Two US Congressmen have called on the Biden administration to launch an investigation over concerns that networking products made by the widely used TP-Link brand could be used to covertly spy on Americans, or be used for cyber attacks.
Republican Representative John Moolenaar and Democratic Representative Raja Krishnamoorthi have formally requested an investigation from the US Department of Commerce citing national security risks. According to a letter posted by the Select Committee on the Chinese Communist Party (via Reuters), "TP-Link’s unusual degree of vulnerabilities and required compliance with PRC law are in and of themselves disconcerting".
TP-Link products are widely used in the US, and can be found inside critical facilities, including US military bases.

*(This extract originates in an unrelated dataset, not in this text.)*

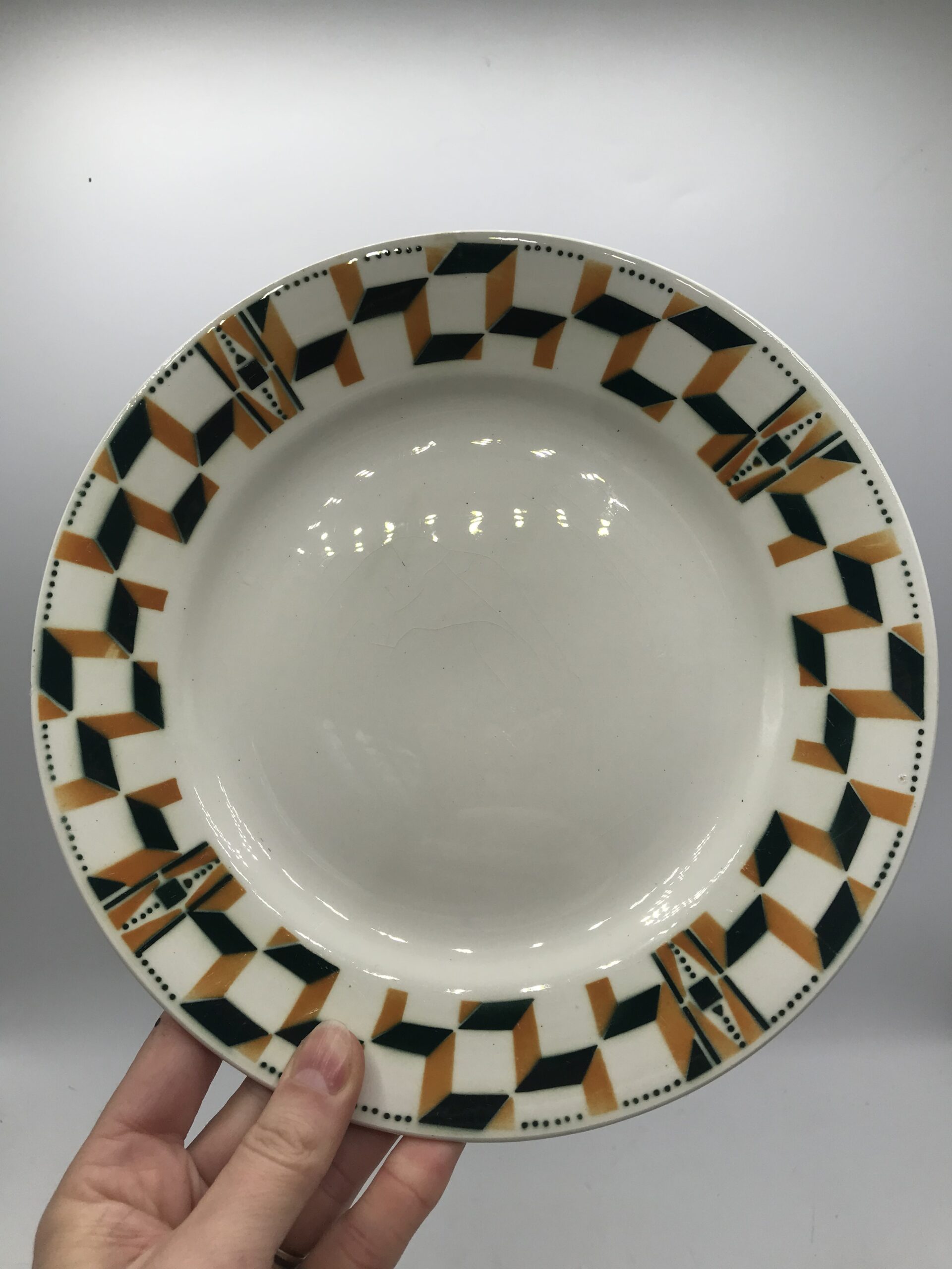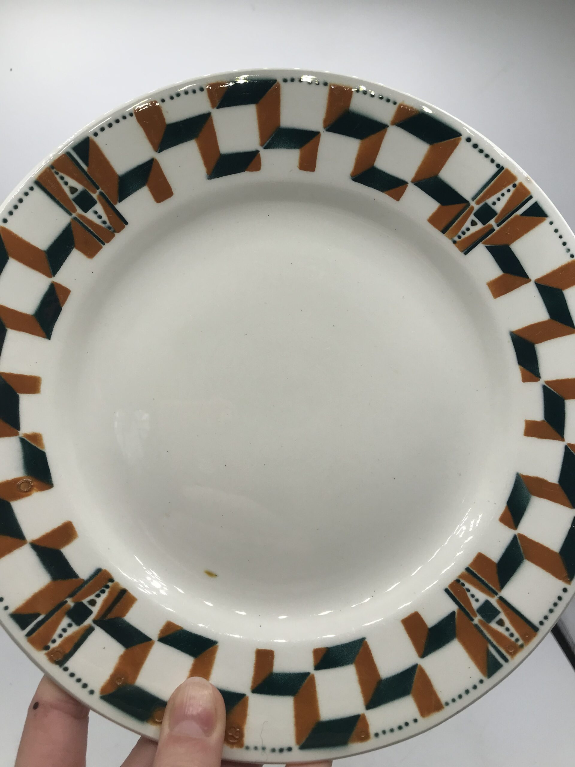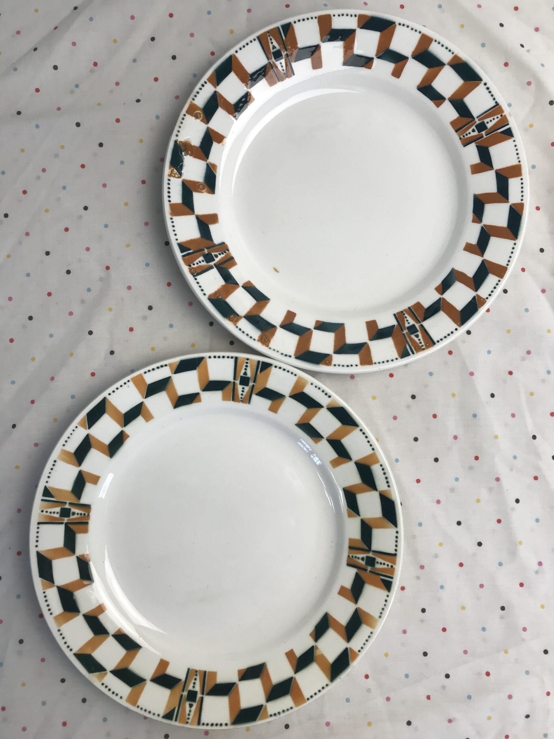 Alerte pépite !!!! Duo d’assiettes St Amand collection « 655 ». Les assiettes ont un diamètre de 22,5 cm pour une hauteur de 2,5 cm. Pour ceux qui veulent commencer une collection de vaisselle vintage, c’est la bonne occasion avec ce duo. Ou sinon pour les connaisseurs qui complètent une collection. Ces deux assiettes sont assez rares, elles viennent de la collection « 655 » de chez St Amand. Elles ont un visuel psychédélique et géométrique de couleur vert sapin et orange vintage. Vous allez les adorer. A noter des traces d’usures du au temps (cf photos).

Last year, TP-Link routers were used to launch an attack on European foreign affairs organizations. TP-Link firmware was infected with malware, giving attackers the ability to run shell commands, access files and relay communications between devices on the network. TP-Link is not the only manufacturer that can be exploited. Other manufacturers including Cisco and Netgear have also been used to launch attacks from foreign adversaries.
The request for an investigation is just the latest in the US government's actions against Chinese companies, with Huawei and ZTE being forced out of the US market. TikTok is another well known example of a Chinese company facing similar spying concerns.
Most end users are at least somewhat aware of the need to keep devices and PC software updated for security reasons, but there is far less awareness around the potential for router based attacks. I'd place a wager and suggest that a majority of home users have never updated their router's firmware. Now would be a good time to start.